6. README MVP Section Updated: Our README file should have an updated MVP section describing the functionality and how to run the application. This is crucial for anyone who wants to understand or contribute to our project.

   • Importance of a Well-Documented README: A well-documented README file is essential for any software project. It serves as the first point of contact for anyone who wants to understand, use, or contribute to your project. A comprehensive README provides an overview of the project, explains how to set it up, and outlines how to use it. It also includes information about the project's architecture, dependencies, and contribution guidelines. A clear and informative README can significantly improve the usability and maintainability of your project.

   • Key Sections of an MVP README: The MVP section of your README should focus on the core functionality of your application. Start by providing a brief overview of the MVP and its purpose. Explain what the MVP is intended to achieve and who the target users are. Then, describe the key features of the MVP and how they work. Include instructions on how to set up the application, run it locally, and use its core features. Add screenshots or GIFs to illustrate the functionality. Finally, provide information about any known limitations or issues with the MVP. This helps users understand the current state of the application and what to expect.

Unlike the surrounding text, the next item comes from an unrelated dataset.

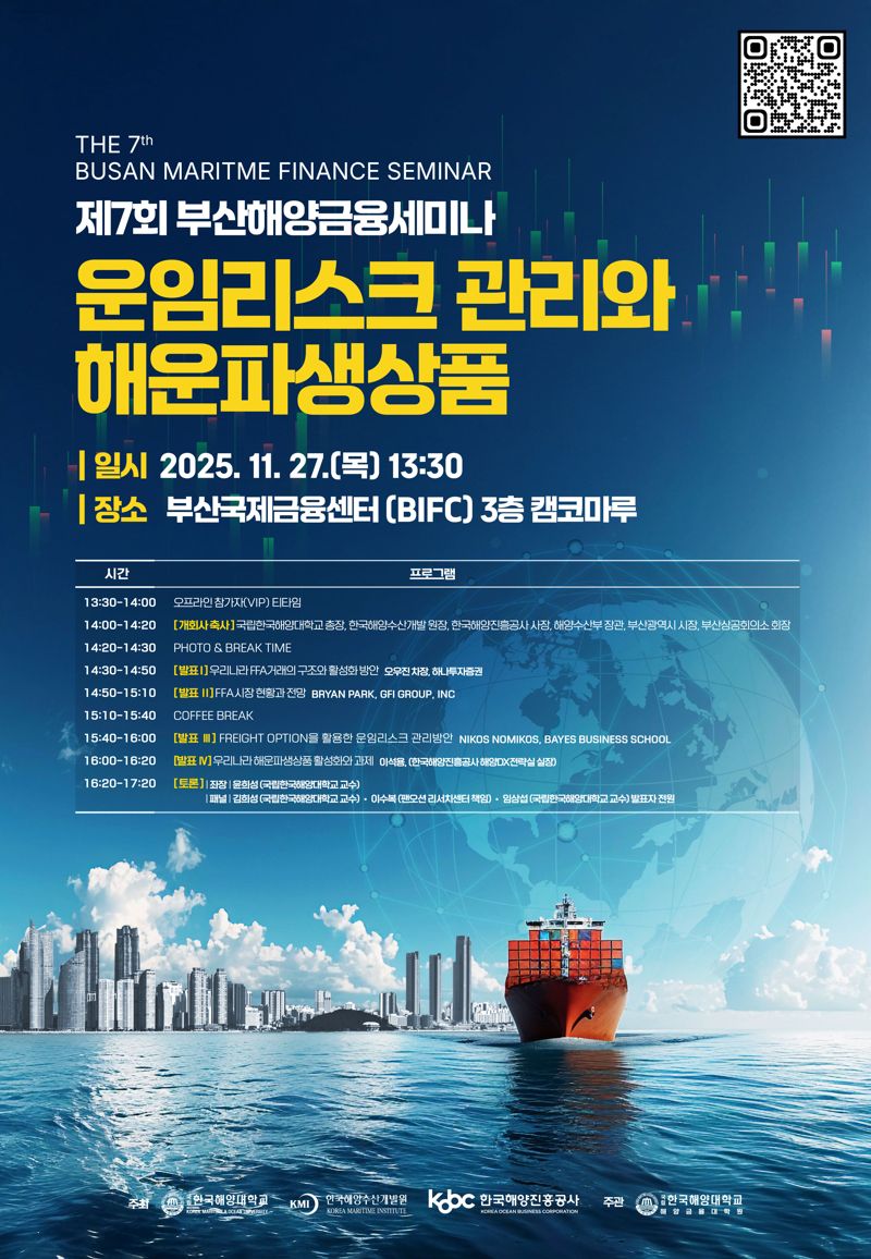 국립한국해양대학교 해양금융대학원 윤희성 원장은 "운임리스크 관리와 파생상품 활용 역량은 해운기업의 생존과 직결되는 중요한 요소"라며 "이번 세미나는 산업계·학계·정책기관이 한자리에서 미래 해양금융의 방향을 논의하는 뜻깊은 자리가 될 것"이라고 밝혔다.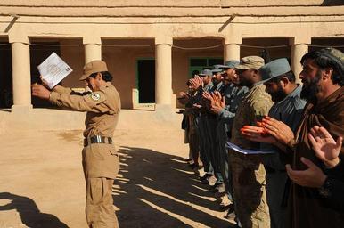 | Keywords: Village Veterinary Outreach Program-Afghanistan Local Police student graduation 111202-N-UD522-091.jpg en Afghan National Police instructors congratulate an Afghan Local Police recruit after receiving his graduation certificate in Gizab district Uruzgan province Dec 2 ANP instructors taught ALP recruits during a three week course on basic weapon handling improvised explosive device awareness and patrol movements 2011-12-02 Petty Officer 2nd Class David Brandenburg https //www dvidshub net/image/494364 111202-N-UD522-091 2011-12-03 09 08 GIZAB DISTRICT AF PD-USGov-Military-Navy Urozgan Province Afghan Local Police Images from DoD uploaded by Fæ |

   • Best Practices for Writing a README: When writing a README, aim for clarity and conciseness. Use clear and simple language, and avoid jargon or technical terms that your audience may not understand. Organize your README into logical sections with clear headings and subheadings. Use bullet points, lists, and code snippets to break up large blocks of text. Keep your README up-to-date as your project evolves. Regularly review and update the README to reflect changes in the application's functionality or setup process. A well-maintained README is a valuable asset for your project.

Diving Deeper: Technical Requirements

Let's break down the technical requirements a bit more. We need to ensure our application meets the following criteria:

• ≥3 Domain Classes: We talked about this earlier. Make sure these classes are well-defined and encapsulate the core data of our application.
• ≥6 ES Modules: This means our codebase should be modular. Each module should have a specific purpose, making our code easier to maintain and test.
• Retry/Backoff + AbortController: These are crucial for handling network requests. Retry and backoff ensure our application can recover from temporary failures, while AbortController allows us to cancel requests if needed.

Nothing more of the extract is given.